AAP logoAAP 20/11/2016 Rebekah Ison and Angus Livingston

Medicals for older divers are needed and Australian standards should be reviewed after six diving and snorkelling deaths in five days, one expert says.

Three tourists died in Queensland on Wednesday and Friday, a Tasmanian man died on Friday and a NSW man and a Victorian man died on Sunday.

Australian Underwater Federation president Graham Henderson said the number of deaths in such a short period of time was unusual.

He also said the diving industry is ageing, with older people now having the will and money to take it up as a hobby, and there was a concerning variation in dive course quality.

"To be honest some of the courses that are run ... are pretty minimalistic," Mr Henderson told AAP on Sunday.

"The Australian standards need to be looked at and talked about more.

"Probably an age requirement to have a diving medical.
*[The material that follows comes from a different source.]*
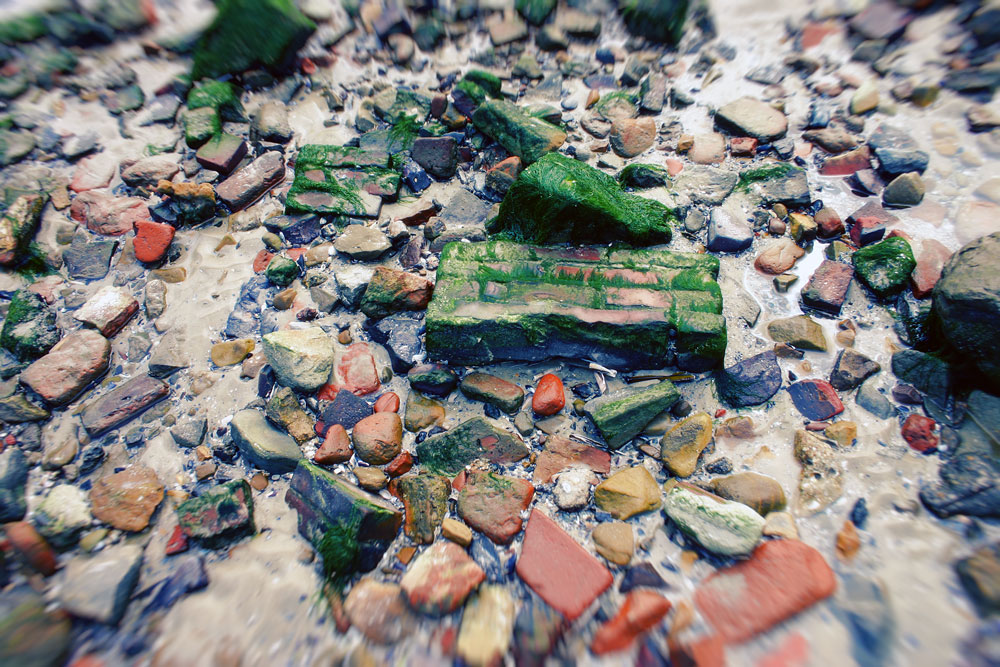 Ein Sammelsurium diverser Steine ist am Weststrand, rund um die Westturm-Buhne »B« herum, zu entdecken. Die noch immer mit Mörtel verbundenen Klinkersteine gehören mit ziemlicher Sicherheit zur ehemaligen Strandmauer, die bei der Sturmflut 1962 zerstört wurde, bei vielen anderen Steinen kann man höchstens mutmaßen.

That would be something that would be well worthwhile."

Mr Henderson said people were moving away from diving and snorkelling in large groups or clubs, which increased the danger of something going wrong.

The AUF is the government-recognised body for amateur underwater activities.
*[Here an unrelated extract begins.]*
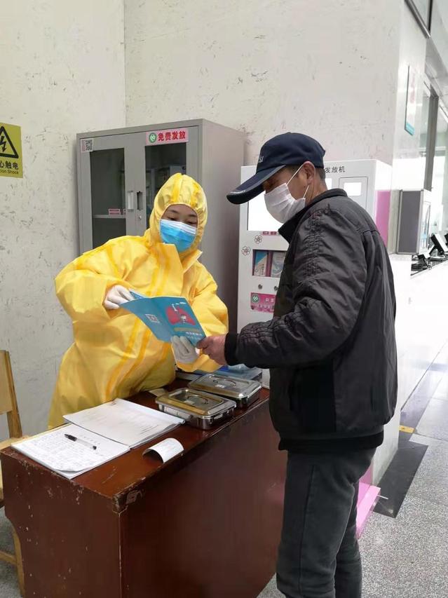 校医院分诊台工作人员进行分诊并宣讲疫情防护知识

A NSW man in his 40s was snorkelling with two people when he got into trouble and was assisted onto a boat off Congo around 10.30am on Sunday.

Paramedics tried to revive him but he died at the scene.

Another man who was scuba diving with his friends in Victoria died after he was reported to be in distress on Sunday.

A 49-year-old Tasmanian man died while diving on Saturday afternoon, while a 60-year-old Englishman died during a Queensland diving trip on Friday.

French tourists Jacques Goron, 76, and Danielle Franck, 74, drowned while snorkelling on Michaelmas Cay, north of Cairns, on Wednesday.